Farooq was a normal man. Like so many of us, he too was plagued by the increasing vegetable prices, incessant heat and the havoc caused by Assam’s infamous thundershowers. He stayed three doors away from our house in Jagiroad with his wife and two daughters. His younger brother lived in the same compound but there was hardly any interaction between the two families. The autumn flu troubled Farooq every year and so did the pesky mosquitoes in June. He argued with the ration shop for a little more grain and scolded his cow if it strayed too far from the house. But there was something about him that many would not associate with being ordinary.
It began on our front yard several summers ago. I was barely five at the time. It happened that Farooq was the only neighbour with a car, a purple Maruti Omni. He worked as a driver, ferrying people to Guwahati, Assam’s main city, and back. His elder brother worked as a driver as well, employed under a private taxi contractor. In those days, it was matter of pride to own a car, much less drive one. Most of the people hired Farooq to transport them as he charged far less than his brother. There was a reason.
That August morning I woke up to the sounds of a scuffle outside our window. I saw my mother and father glued to the sill, looking outside. Quietly, I crept out of bed and furrowed between them to take a look. Farooq was fighting a man nearly twice his size. Something about money, my mother explained. It always is, my father added. Farooq was losing now; the man had locked his arms around his neck. The driver’s face was turning a shade of purple and then he did something I would remember for the rest of my life. Farooq wriggled himself an inch from the man’s grip and sank his teeth into his opponent’s arm. The large man let out a treacherous howl and let go, hobbling to a corner holding his arm. Farooq had a mean look on his face now and seemed rather pleased. The man was terrified and ran out of our lawn, throwing abuses on his way.

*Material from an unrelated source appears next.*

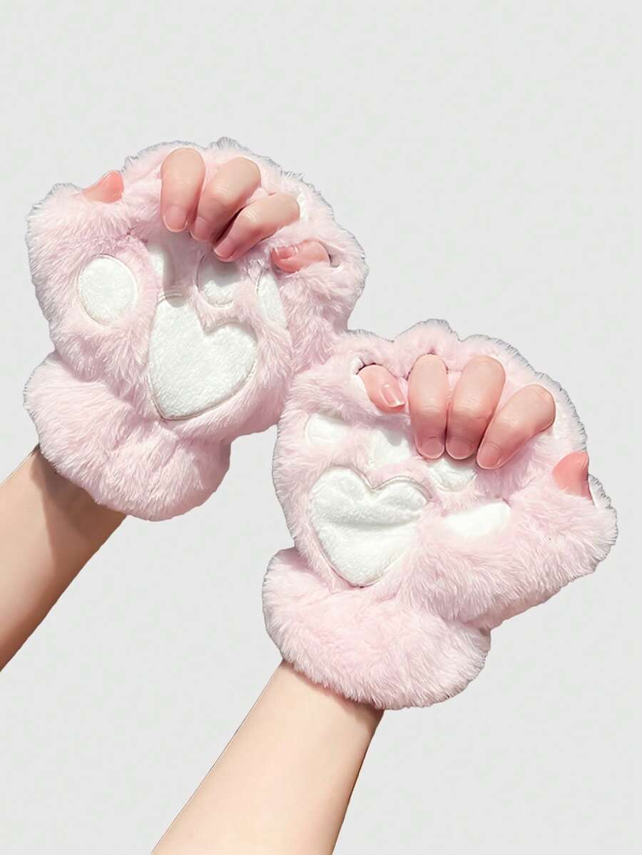 Kawaii 1 par de guantes sin dedos con diseño de pata de gato de peluche, aptos para uso diario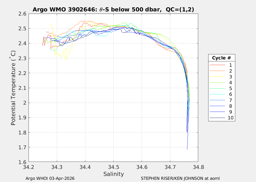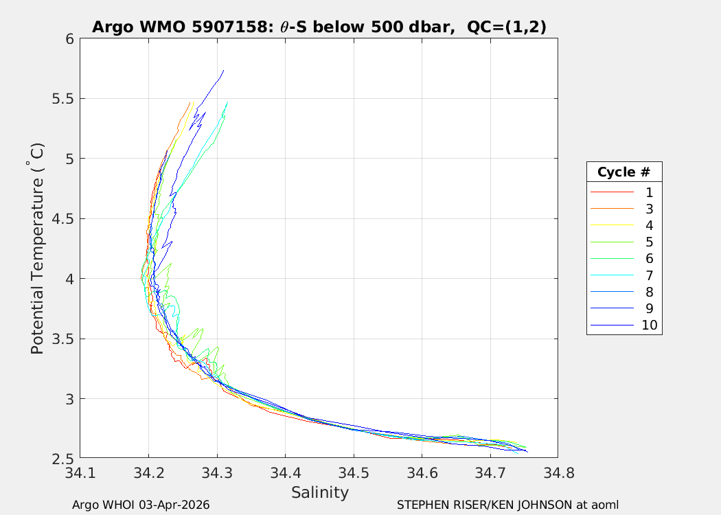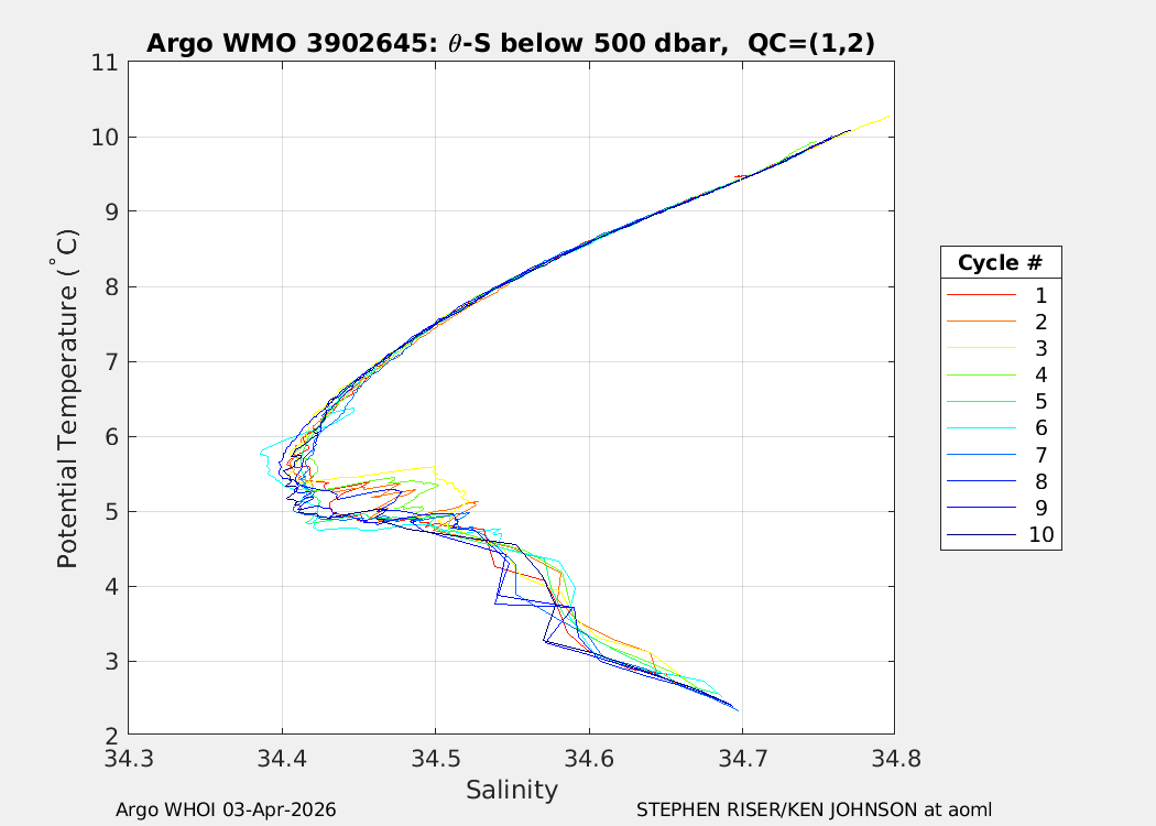 | WMO: #5907153 DAC: aoml PI: STEPHEN RISER/KEN JOHNSON APEX: #10715 SBE41CP: #20216 DRUCK_2900PSIA: #12441649 AANDERAA_OPTODE_4330: #4362 ISUS: #3001 DURA: #3001 ECO_FLBB_AP2: #8945 OCR504_ICSW: #2509 Altimeter Comparison (IFREMER) EuroArgo Link | ![]() |

I was petrified and started crying. My mother was now distracted and pulled me away from the window. Farooq’s action traumatised me for the rest of the week. I rarely drove my bicycle towards their side of the road, scared that he might rush out from his house and attack me. The image frightened me to such an extent that I quit cycling for a good month or so. Meanwhile, the news had spread across our small town. Before long, the stories were being narrated far from the truth. Some said Farooq had a mental condition while others claimed he did it for pleasure. Biting a person was a dog’s job, they added. People were scared to get in an argument with him, fearing he would bite them too. Farooq’s tarnished reputation was hurting his business. Soon he was transporting scrap dealers and coal sellers to make ends meet.
A month later, my grandfather was hospitalised with kidney stones. The operation went well and we had to visit him in Guwahati the next day. It rained a lot that monsoon and the roads were starting to flood. Al the local taxis refused to take us to the city. My father decided to ask Farooq and soon six of us were cramped into the Omni, driving in the rain. I was small and could fit anywhere, but my father insisted that I sit comfortably in the space between the driver’s seat and front passenger’s. My wails fell to deaf ears and I was forced to sit beside Farooq. I was quiet the entire journey, occasionally stealing a glance at Farooq from the corner of my eye. I was trying to look at his teeth; I had heard stories that he was filing and sharpening them in search of a new victim. We reached Guwahati safe and sound. There was no flooding on the highway.
The following summer I went to boarding school in Darjeeling and visited home only during the three-month long winter breaks. I rarely saw Farooq during my holidays; we had our own car now. I always ensured to ask my mother about his well-being. As I grew up I realised how juvenile I was on that trip to Guwahati. For all I knew, Farooq seemed to be a normal person whose one action defined the rest of his life. It was his gruesome adjective forever.
Farooq, now in his late fifties, still lives near our house. Last I heard he was trying to start a small grocery shop but ran into financial troubles. His younger brother runs a small sweet shop and both families live off the sufficient income from the store. Their elder brother was brutally murdered a few years ago by car thieves pretending to be passengers. He left behind some insurance money for the brothers to share. I see Farooq sometimes, smoking his cigarette during his morning walks. He looks seldom looks back, perhaps fearing us as much as we did him.